As I stood in the driveway gazing at the endless Texas sky, I knew in my soul that I had to leave for a little while. While I wasn't entirely sure where wanted to go at the time, I just knew I had to change zip codes. The day after college graduation, I packed up my belongings and moved to Colorado. As I drove down the 160 freeway in Colorado and looked up at the Rookie Mountain range, I felt something in my soul shift. This was the moment that I felt the calling that I heard in my soul had finally been answered. If there was a doubt in my mind, it was reaffirmed when I sat atop a horse near the top of a valley.

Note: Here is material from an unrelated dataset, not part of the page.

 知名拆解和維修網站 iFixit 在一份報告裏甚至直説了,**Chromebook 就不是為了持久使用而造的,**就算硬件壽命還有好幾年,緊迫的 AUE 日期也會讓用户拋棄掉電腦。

The sight of the mountain tops and sky that stretched forever into the horizon snatched my breath away, and it would take an entire novel to fully express the emotions that washed through my spirit while sitting on top of that horse as close to heaven as one human could get while on earth.


Fast forward about thirteen years ...


This is the kind of restless spirit that I seem to have passed on to my own child. She is filled with a fire in her belly and a restlessness in her heart that rivals my own. This restlessness seems to be soothed by the sight of the mountains and the hum of a running river. My daughter has grown even deeper in her unease while being stuck at home during this COVID crisis. I find that she is constantly stretching our hikes a little further each time, only to stumble across more fences. She turns to me each time with a grunt "Momma I just wanna go!" "Baby" I sigh, one day we will be able to go on another adventure, however in the mean time we need to sit tight. Lets just try to appreciate the small adventures at the farm. Kylie smiles at me with a twinkle in her eye, "you know what is pretty funny to watch momma?" She asks with a little two much laughter rising in her throat. "What would that be?" I answer with skepticism. "She busts out laughing, watching you run from snakes!!"


At least she is still finding humor among the chaos.